Why does Greece have such big problems and Germany not? Why
do Greeks want to stop working
several years before the Germans
but still want to get German
money to pay their debts?

On the other side: why can't the German government force German banks to become more involved in bailing out Greece as they have a lot to play in the Greek bonds?
(but then: why did the Greek government have to get into so many debts in the first place for so long?)

Is Spain's state apparatus so bloated with unproductive functionaries as Greece?

Maju said...

I presume Greeks want German salaries, German pensions, German welfare state and German ability to decide if the euro goes up or down. Because if the euro is overvalued, hyper-strong against all other currencies that is because it benefits the German economy (specially) by allowing them to buy cheap oil, raw materials and semi-assembled components outside EU, finish them up in Germany and resell to Greeks and other Europeans at inflated prices.

For Germany it is not good at all that Greece or other German markets are saturated by the extreme solidity of the euro. The euro must be devalued, because Greece is just the tip of the iceberg.

Though it may not help after all, because look at Britain with their weak pound and similar situation.

...

Anyhow, in the specific case of Greece, there is a clear case of elite conspiration to ripoff, including Greek politicians and company owners and international banks (mostly from USA but obviously with the implicit approval of all EU financial popes). And the main victim is the Greek people and very possibly the EU as economical-political project of the continental bourgeoisie.

The logical thing to do is to bring the culprits to court and expropriate their assets to pay for the debts.
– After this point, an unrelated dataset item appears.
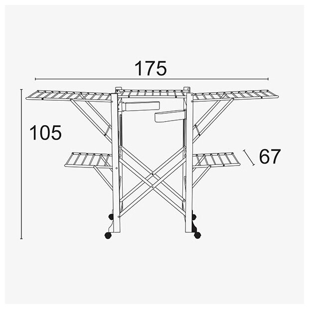 Сушилка для белья /вешалка для одежды напольная, 129х61х61, складная, 2 уровня, цвет серый

Exactly as Iceland should have never took over Icesavings without a clause of bankruptcy first.

The state, the public accounts cannot be given away to save private fortunes. That's the biggest ripoff of all and can only lead to total disintegration of the social order. The state, the public representation (at least in theory) can and often must instead intervene private business for the good of all (or most).

In this case it's clear that the Greek authorities are failing to tackle the issue and hence losing all legitimacy. Instead they have given away the country to the representatives of creditors: the IMF and the UE.

This is an even bigger ripoff: we first rob the people in the worst banana republic style ever and then we sell away, not an island as insultingly some fascist German papers suggested, but the whole nation!

All Greece sold to IMF slavery in account of the debts contracted by some Greeks with the complicity of all the imperial oligarchy!

Can't you see that? Can't you see how Latvia has become in just another "plantation" for oligarchs of EU and the Empire? How tiny Iceland is struggling to keep some sovereignty in a similar case? How the vultures are projecting how to do the same in other countries such as Portugal, Spain, Italy, Ireland, the very United Kingdom, etc.

Finally the veil of bubble-aboundance that Capitalism has relied on for publicity purposes for the last several decades is off. No costumes anymore: the Emperor is damn naked! This is what the Capitalist roulette has produced. Bank wins always.

Unless people fight. Then the people can win and banks lose.

But no free lunches, not anymore indeed. We will have to fight and fight hard because it is the last stand of Capitalism and will attack with all. It is already attacking with all.

It's not us who invented class struggle: we just have to defend our lives against the continuous and every day more brutally obvious armed robbery by the organized Capitalist elites and their institutional mercenaries.